Prep: 15 mins | Activity: 30-45 mins
This is a scenario-based activity in which students must use bacterial growth data to determine the carrying capacity of an “ideal” growing medium and then determine how two different treatments affect the growth and carrying capacity of the medium. Students must graph data, identify the carrying capacity of the system, and then explain how the treatments affected bacterial growth. Graphing may be completed by hand or digitally depending on the skill level of the students.
Look carefully at the colonies of Escherichia coli in the photo above. What questions could you ask about bacterial growth, colony size, and the carrying capacity of the plate and medium in which it’s growing?
How can mathematical representations be used to identify carrying capacity of an ecosystem?
PE HS-LS2-1. Use mathematical and/or computational representations to support explanations of factors that affect carrying capacity of ecosystems at different scales.
Using Mathematics and Computational Thinking
LS2.A: Interdependent Relationships in Ecosystems
Scale, Proportion, and Quantity
No PPE is required for the activity.
Copy or upload student activity page.
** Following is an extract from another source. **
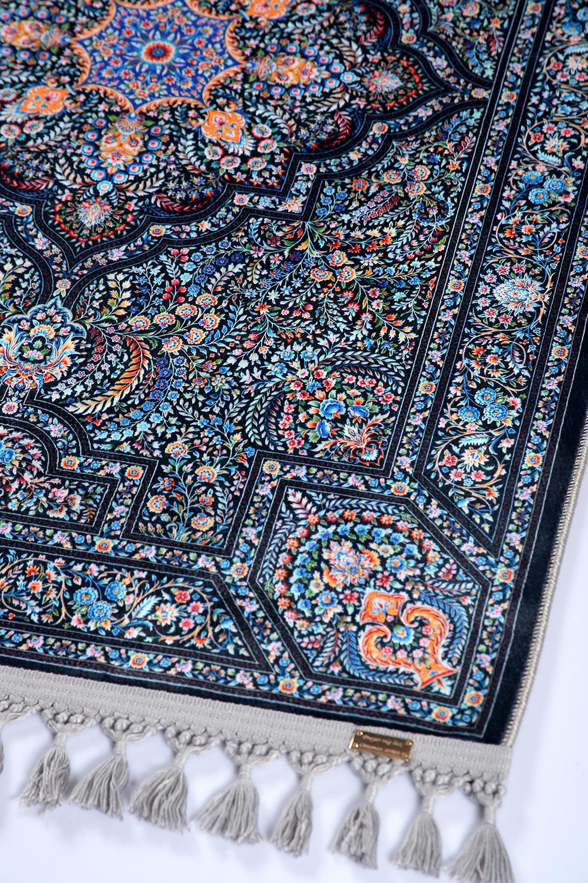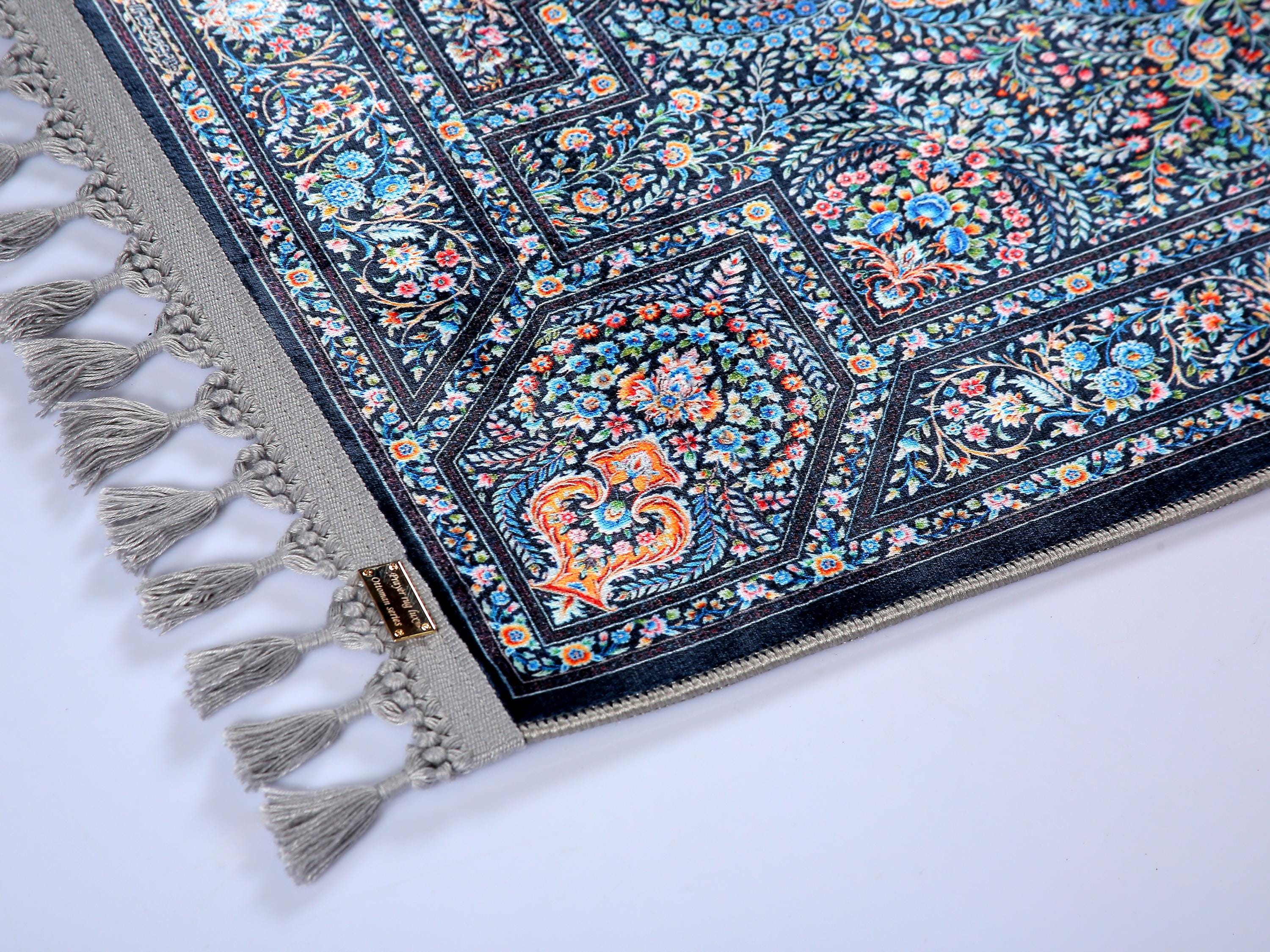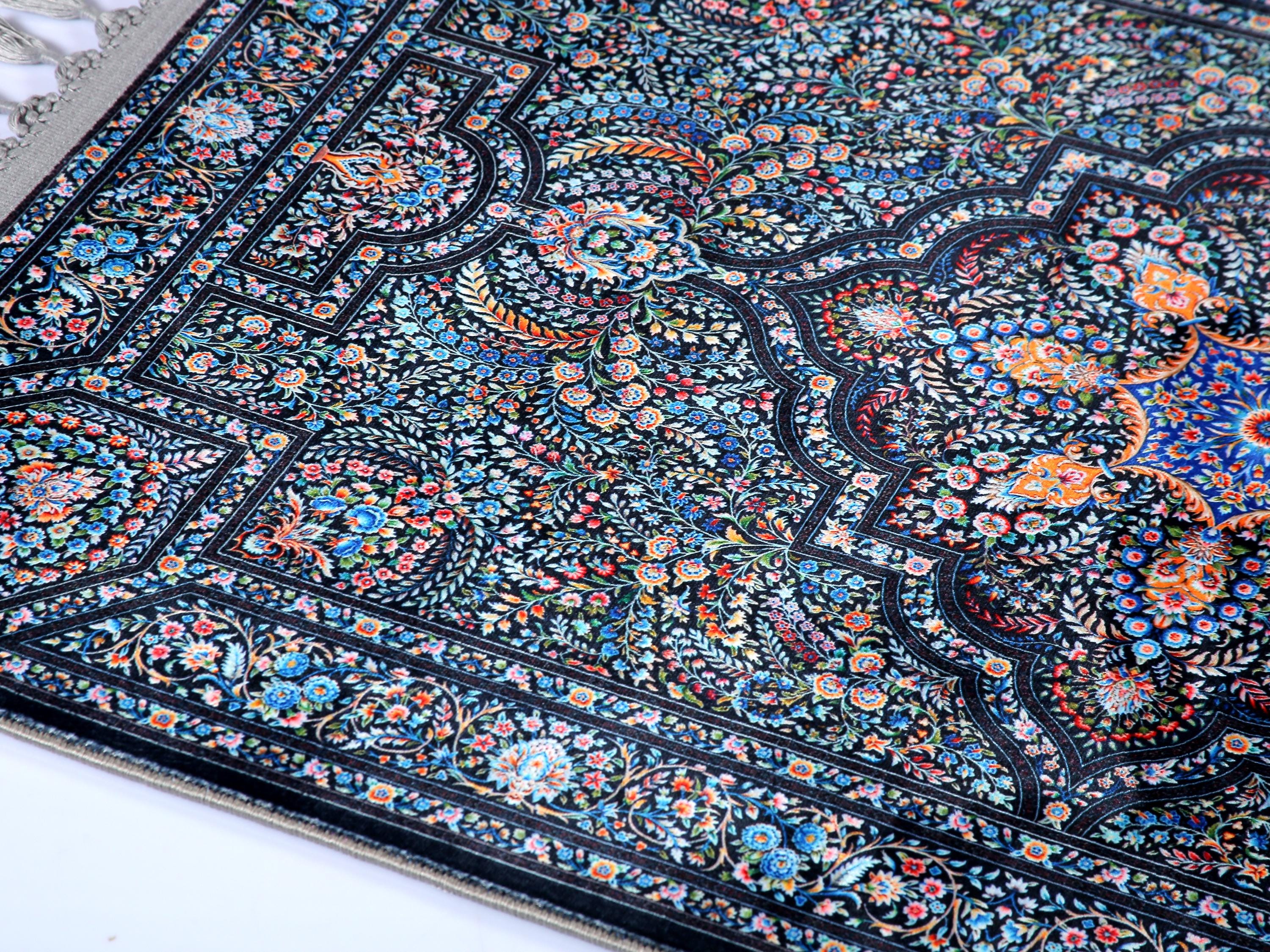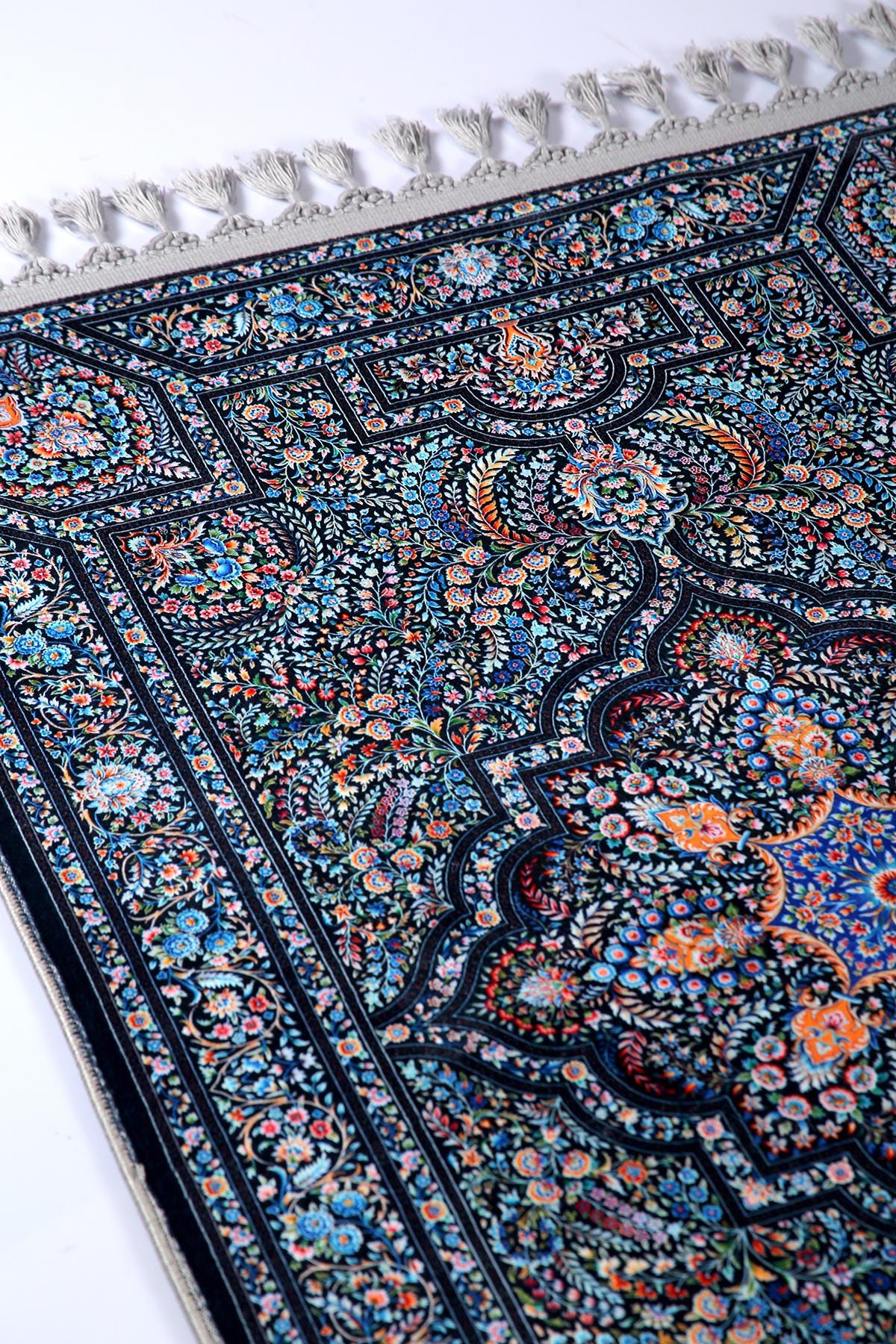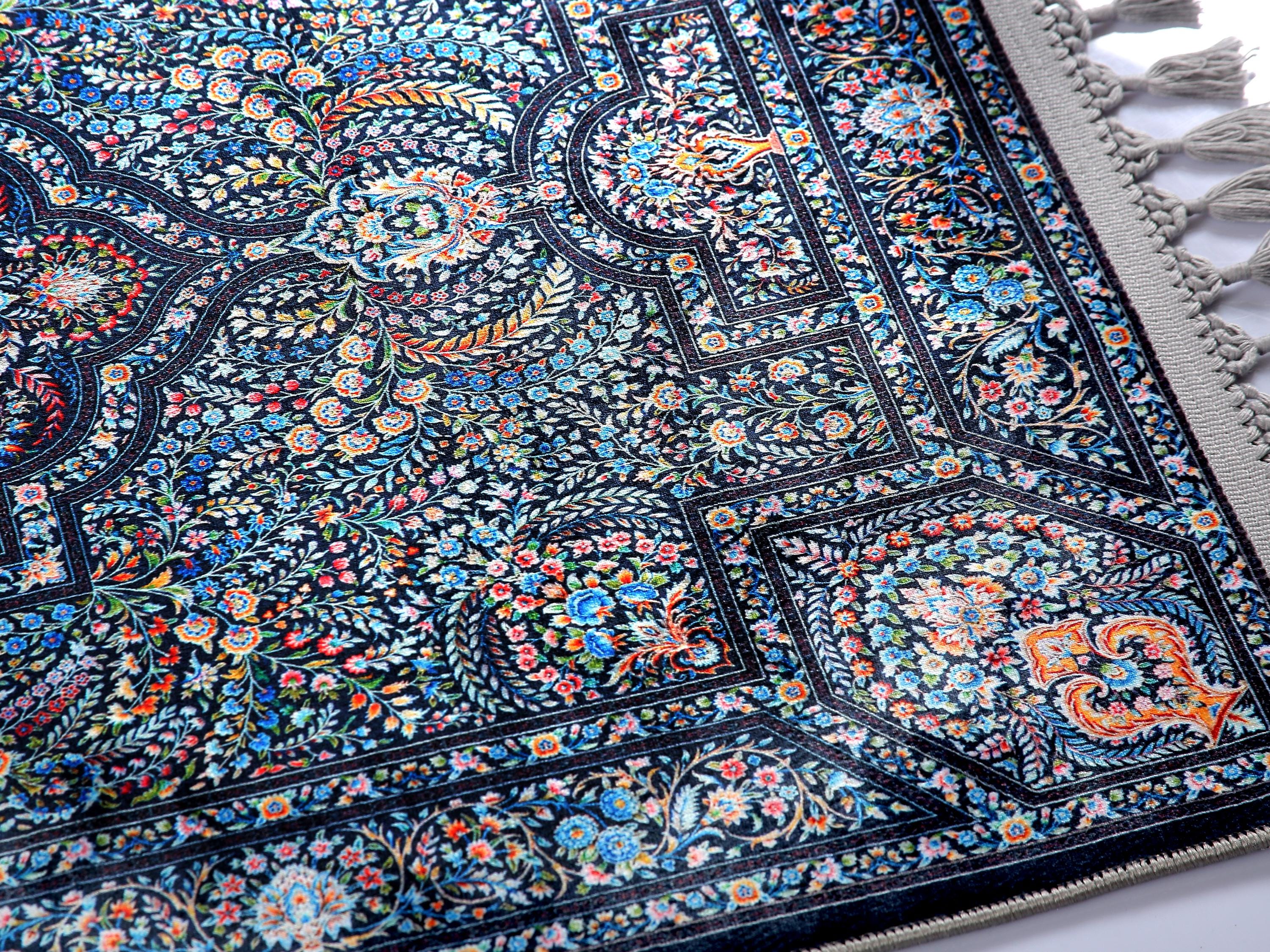 Luxury Prayer Rug – Dark Blue Floral Turkish Carpet for Living Room, Bedroom, Entryway, and Prayer Room
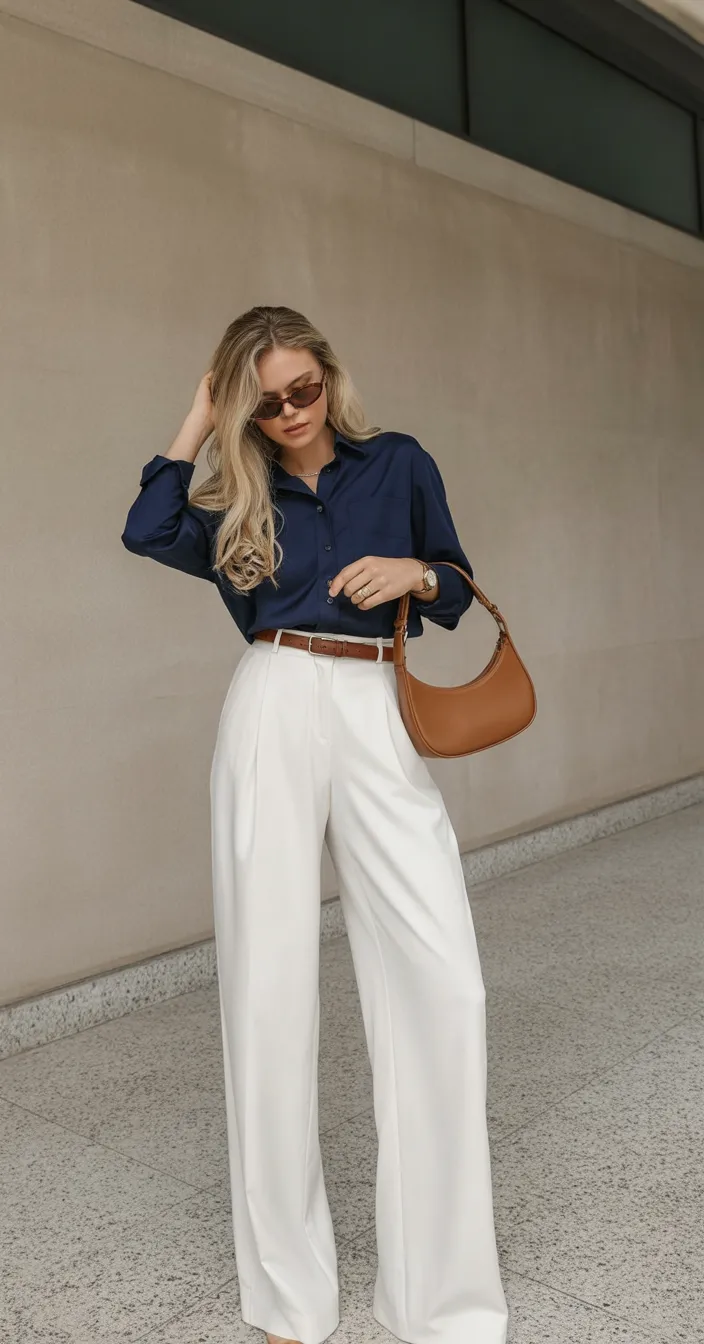 This look captures relaxed everyday energy. The blue shirt keeps it casual, while white pants feel fresh.

There is no disposal of waste materials.
These procedures were followed to generate
the data below:
Average Data for 100 Plates
Why was it necessary to test 100 untreated plates?
The untreated plates are a control for the research project. Optimal growth media or growing environment of the control plates allow for the establishment of the carrying capacity of the medium under the best bacterial growing conditions. The treated growth medium can then be compared to the control to determine if the treatments of the growth medium changed the time to reach carrying capacity and the amount of E. coli at the carrying capacity.
Use the data to explain how treatment A detergent and treatment B detergent affected the E. coli /petri dish ecosystem.
Treatment A decreased the amount of time the E. coli was maintaining carrying capacity individuals and carrying capacity was achieved at about 175 min. The number of cells at carrying capacity also decreased to about 5000 cells. Detergent A decreased maximum growth and the time it took to reach maximum growth. Treatment B had even a shorter time at carrying capacity (about 15 min.), and the number of cells at carrying capacity dropped to about 2600 cells. Carrying capacity was achieved at about 160 minutes which is another decrease. Detergent B showed additional impedance in E. coli growth.
Assuming that both detergents are safe for human consumption and animals, make an argument for which treatment detergent would you recommend for the next stage of testing?
Both detergents showed a decrease in the amount of cell growth and a lower number of cells at carrying capacity. Detergent B had larger decreases than Detergent A and cell growth peaked earlier with Detergent B. Since this product is designed to be used in the field as leafy vegetables are picked, I would recommend further research on Detergent B. The next research step could be to test the detergent on the vegetables with E. coli bacteria present. Researchers will also need to determine how the detergent affects the vegetable itself- color, freshness, odor, how long it stays fresh.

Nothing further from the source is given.